In short, by studying dissent we gain the means to view a society as the participants themselves saw it—and not necessarily as we today assume it to have been.” (p. 72). In the case of Willliam B. Smith, we gain additional insights into the dynamics of Mormonism’s first family. One item that came to the fore was the Smith family’s rather remarkable ability to continue to support and encourage their wayward son and brother.

My personal interest in William dates back many years, when I first began researching on the Joseph Sr. and Lucy Mack Smith family. Most of what I had heard and read about William prior to my research was adverse and dismissive. Prior research has referred to him derisively, including articles that included in their titles, “Problematic Patriarch,” “A Wart on the Ecclesiastical Tree,” and the “Persistent ‘Pretender.’” I certainly concur with some of these author’s perceptions about the challenging nature of William’s leadership.
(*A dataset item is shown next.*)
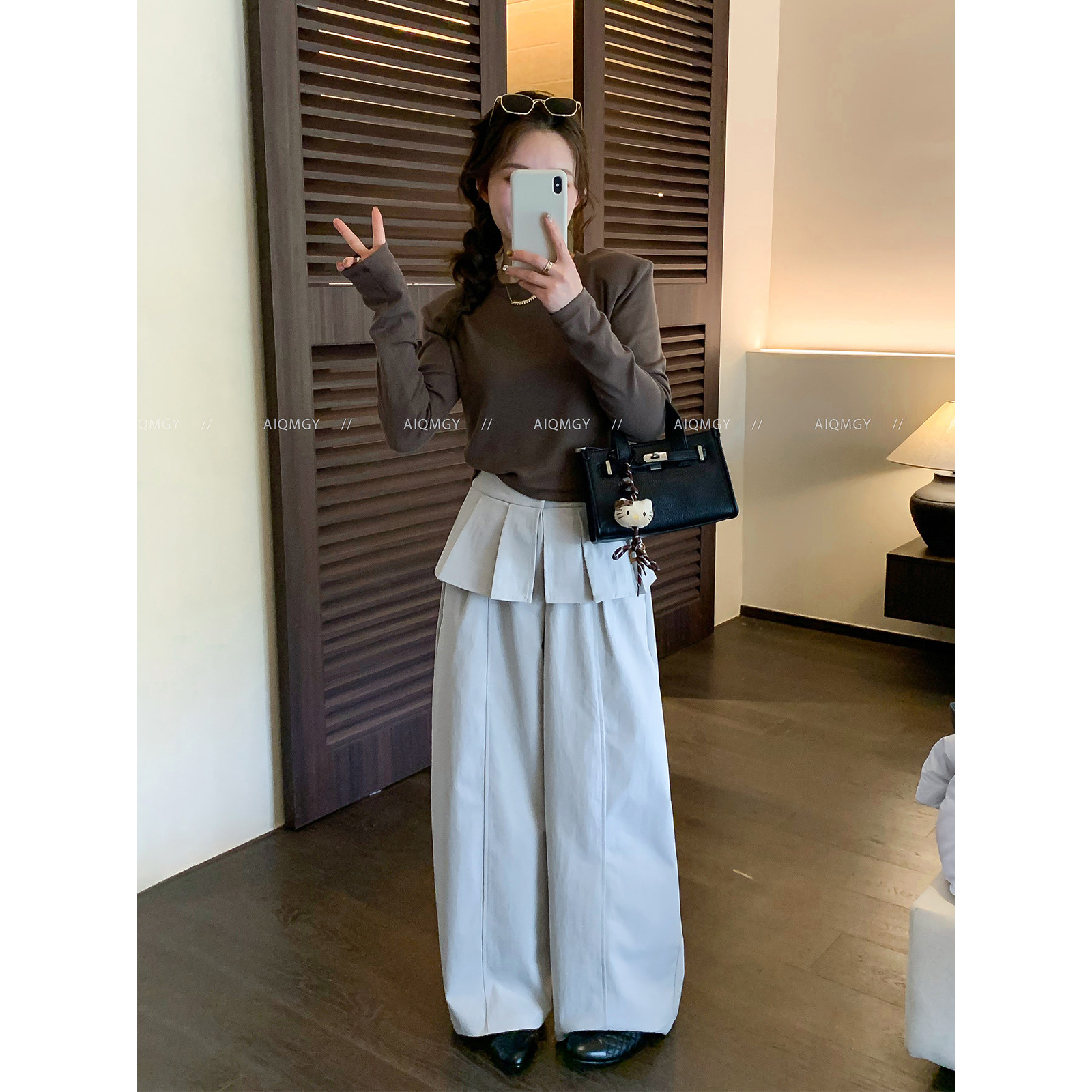 为您提供商品宽松阔腿拖地裤 爱情魔鬼鱼 新款 女2026春季 时尚 设计感拼接休闲裤的详细介绍,

By all accounts, William was a complex person who wrestled with insecurities and fits of passion that sometimes overrode his noble desires and family loyalty. But I also began to discover his vast contributions to the upbuilding of Mormonism, including his missionary success, his persuasiveness as a gifted orator, his propensity to accurately portend the future, and his charismatic leadership. I had a desire to highlight all sides of his personality, which I felt was more complex than can be captured in a single article and best evaluated over the course of his life.